Modern evaluation suites (RTLLM, VerilogEval) also classify failure modes as syntax errors, simulation timeouts, reset mismatches, etc.—providing actionable diagnostics and insights into systematic model weaknesses.

Human-in-the-loop augmentation is applied where testbenches are missing (e.g., PEFA-AI authors manually write testbenches for RTLLM 1.1).

A plausible implication is that benchmarks lacking functional verification or failure classification may yield inflated pass rates, masking deeper code defects.

5. Impact of Data Quality, Coverage, and Verification

Empirical studies demonstrate substantial gains in functional correctness for models trained on functionally validated corpora:

VeriCoder dataset (functionally validated, 125k examples) yields pass@1 of 55.7% on VerilogEval, versus 35.9% for syntactic-only dataset OriGen (Wei et al., 22 Apr 2025).
Ablation shows that validated data improves functional correctness by ~3.5 percentage points over unvalidated sets.
Scaling dataset size (e.g., RTLCoder-Data: 5k→80k) monotonically increases pass rates, with no observed saturation ([OpenLLM-RTL, (Liu et al., 19 Mar 2025)]).
Filtering for prompt–benchmark overlap (Rouge-L < 0.3) ensures minimal leakage and reliable generalization.
Verification-based curation (JasperGold SVA) reduces false positives but may discard correct samples if assertion synthesis fails.

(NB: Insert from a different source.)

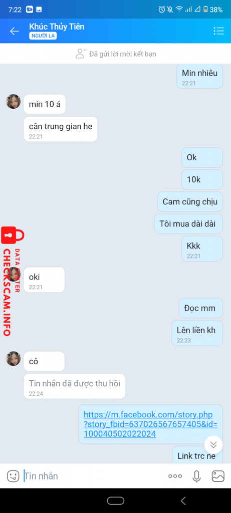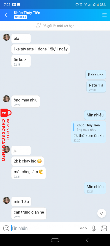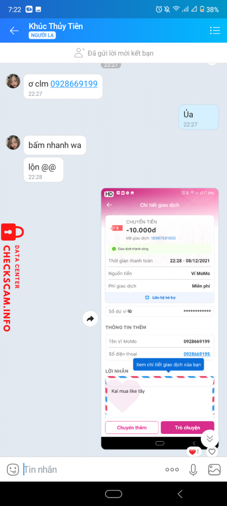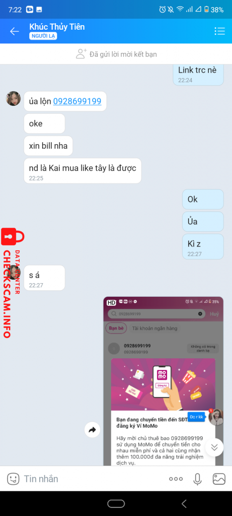 Scammer Alert: Khúc Thủy Tiên Reported: November 16, 2024 Scammer Information Full Name: Khúc Thủy Tiên Phone Number: 0928669199 Payment Gate: MOMO Payment Account: 0928669199 Category: Marketplace scams Source: Checkscam Evidence Files Report Description Scam buff like tây Comments Your comment Add Comment No comments yet. Be the first to share your experience with this scammer.

A plausible implication is that functional correctness validation—either via simulation-based testbenches or formal property checking—is essential for training models suited to deployment in real EDA flows.

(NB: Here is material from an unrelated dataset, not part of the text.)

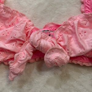 New Frankies Bikinis Colby Eyelet Shine Bikini Top Pink 31044

6. Best Practices and Open Challenges

The literature synthesizes several best practices for future dataset development:

Use clear, concise NL specifications, including explicit port lists and well-specified timing/state-machine behavior.
Ensure coverage across combinational logic, sequential circuits, parameterization, and complex control (FSMs, pipelines).
Automate failure labeling and error analysis (via tool-driven logs and classifier scripts).
Prefer functionally validated training samples and low-overlap with benchmarks to prevent data leakage.
Adopt hierarchical annotation for repository-level datasets to enable multi-granular training (DeepCircuitX).

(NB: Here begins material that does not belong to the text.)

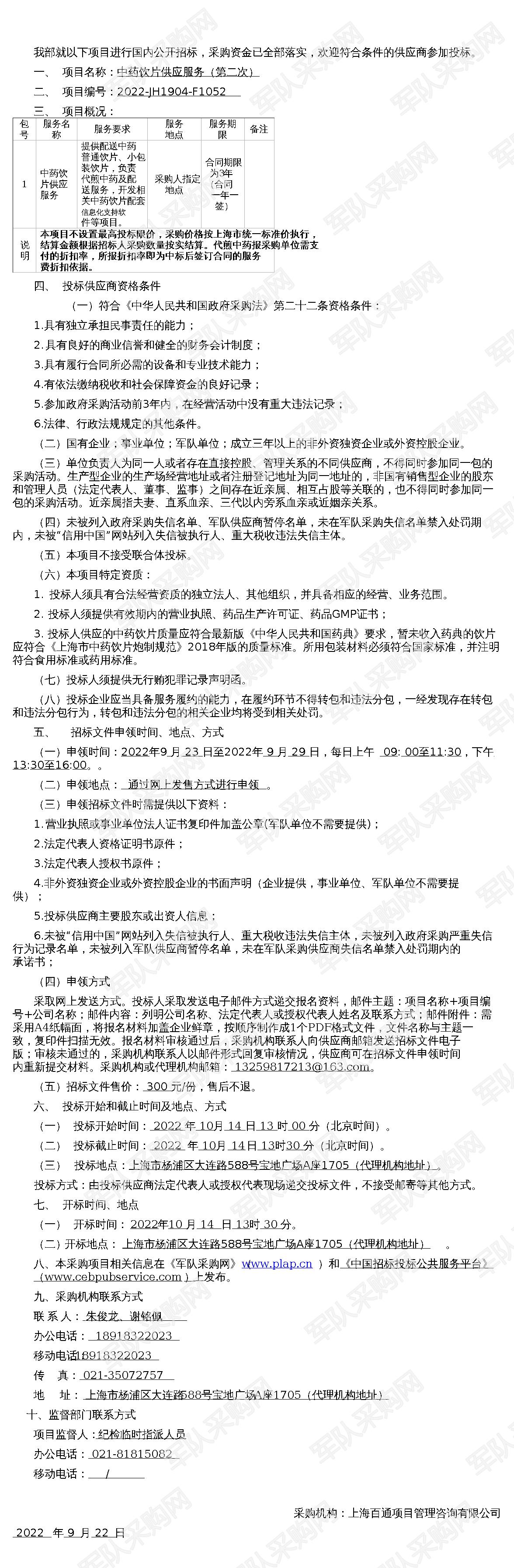 【军队采购网】中药饮片供应服务招标公告(第二次)2022-JH1904-F1052

Challenges persist: true functional equivalence is not guaranteed by testbenches (corner cases may be missed), assertion-based filtering depends on correct property synthesis, and extremely complex RTL designs (multi-clock, co-simulation) are underrepresented. Licensing and IP constraints may also limit broader distribution and adoption.

7. Licensing, Access, and Future Directions

Licensing for NL→RTL datasets is typically Apache 2.0 (RTLCoder, RTLLM), CC-BY, or similar open-source models, with some resources (e.g. DeepCircuitX, OpenLLM-RTL) recommending direct review of repo LICENSE files. Most datasets are available via GitHub or dedicated repositories, with scripts provided for download, preprocessing, and baseline evaluation.

A plausible implication for future work is the continued expansion of scale, diversity, and functional annotation in NL-to-RTL datasets, with emphasis on agentic flows, assertion-based verification, and fine-grained error reporting. Such resources—the unified playground spanning RTLCoder-Data, RTLLM 2.0, AssertEval, and beyond—have demonstrably accelerated the empirical and methodological rigor of LLM-based hardware design research, enabling both apples-to-apples benchmarking and robust model development.